Deep Research for Recommender Systems

TL;DR

This paper argues that this traditional tool-based paradigm for recommendation fundamentally limits user experience, as the system acts as a passive filter rather than an active assistant, and proposes a novel deep research paradigm for recommendation, which replaces conventional item lists with comprehensive, user-centric reports.

Abstract

The technical foundations of recommender systems have progressed from collaborative filtering to complex neural models and, more recently, large language models. Despite these technological advances, deployed systems often underserve their users by simply presenting a list of items, leaving the burden of exploration, comparison, and synthesis entirely on the user. This paper argues that this traditional "tool-based" paradigm fundamentally limits user experience, as the system acts as a passive filter rather than an active assistant. To address this limitation, we propose a novel deep research paradigm for recommendation, which replaces conventional item lists with comprehensive, user-centric reports. We instantiate this paradigm through RecPilot, a multi-agent framework comprising two core components: a user trajectory simulation agent that autonomously explores the item space, and a self-evolving report generation agent that synthesizes the findings into a coherent, interpretable report tailored to support user decisions. This approach reframes recommendation as a proactive, agent-driven service. Extensive experiments on public datasets demonstrate that RecPilot not only achieves strong performance in modeling user behaviors but also generates highly persuasive reports that substantially reduce user effort in item evaluation, validating the potential of this new interaction paradigm.
Paper Structure (23 sections, 12 equations, 5 figures, 5 tables)

This paper contains 23 sections, 12 equations, 5 figures, 5 tables.

Figures (5)

  • Figure 1: The overview of our approach RecPilot. The left part demonstrates the overall pipeline. The trajectory simulation agent receives contextual information and historical interactions as input, and generate a simulated trajectory for the report generation agent to generate the final report. The upper-right part introduces the trajectory agent, which interleaves item and behavior generation and is optimized via model-free reward reinforcement learning.
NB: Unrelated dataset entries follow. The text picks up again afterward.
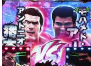
戰決定一世界技闘格
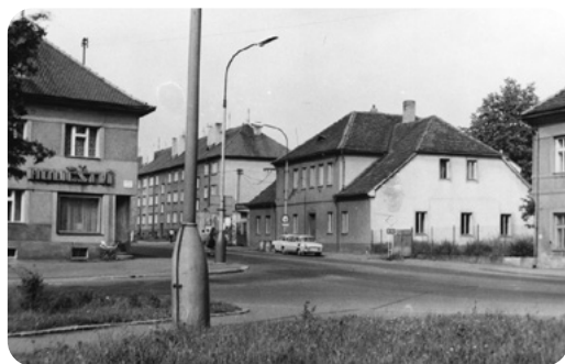
Křižovatka u Železné.
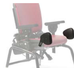
Par de adductores
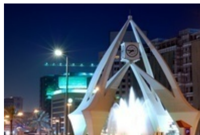
Dubai – Turnul cu ceas
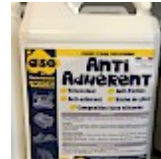
Anti-ADHÉRENT anti-FRICTION ASG34 Bidon
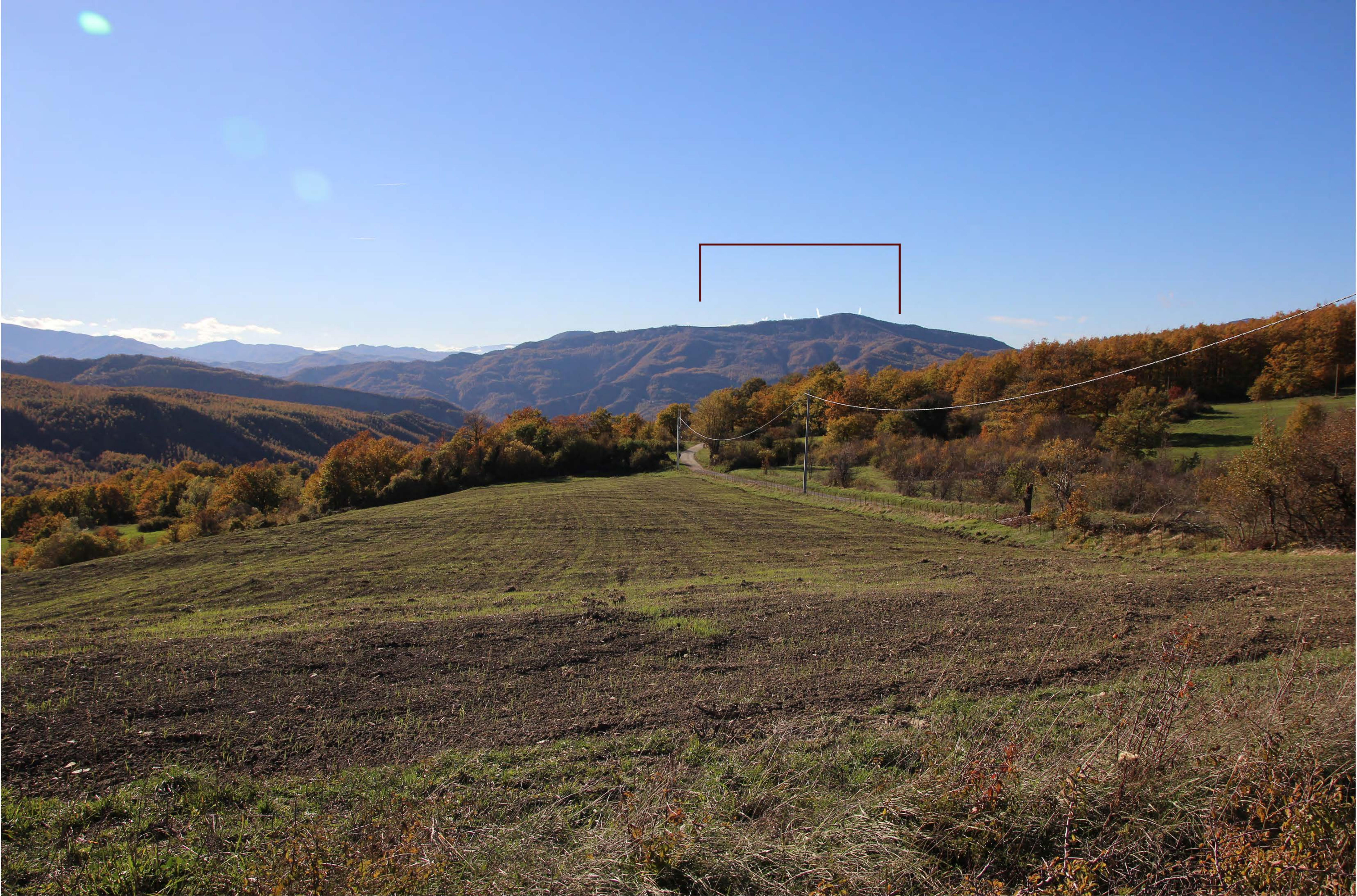
10 _ SP 84 incrocio SP Valpiano e Miratoio | post intervento
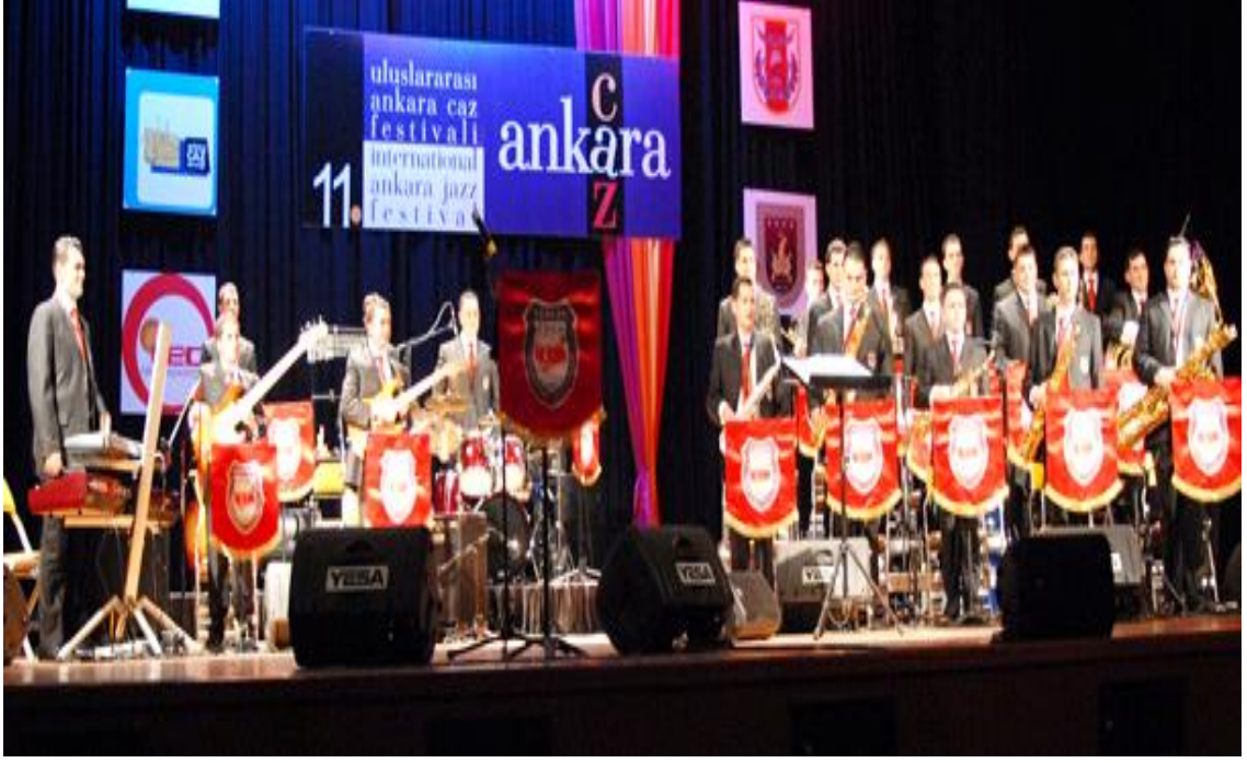
F.5: Uluslararası Ankara Caz Festivalinde Bando Astsubaylarından oluşan icracılar

The lower-right part illustrates the report generation agent, which first decomposes user interests into multiple aspects for ranking before writing reports. It characterizes user preferences through rubrics and experience, and achieves self-evolution along these two dimensions for optimization.
  • Figure 2: Performance w.r.t. maximum trajectory lengths on the Tmall dataset.
  • Figure 3: Performance comparison w.r.t. two sampling parameters on the Tmall dataset: threshold $p$ and temperature $\tau$.
  • Figure 4: Detailed analysis on the Tmall dataset about the report generation task.
  • Figure 5: Sample interaction interfaces in existing recommender systems and our proposed RecPilot.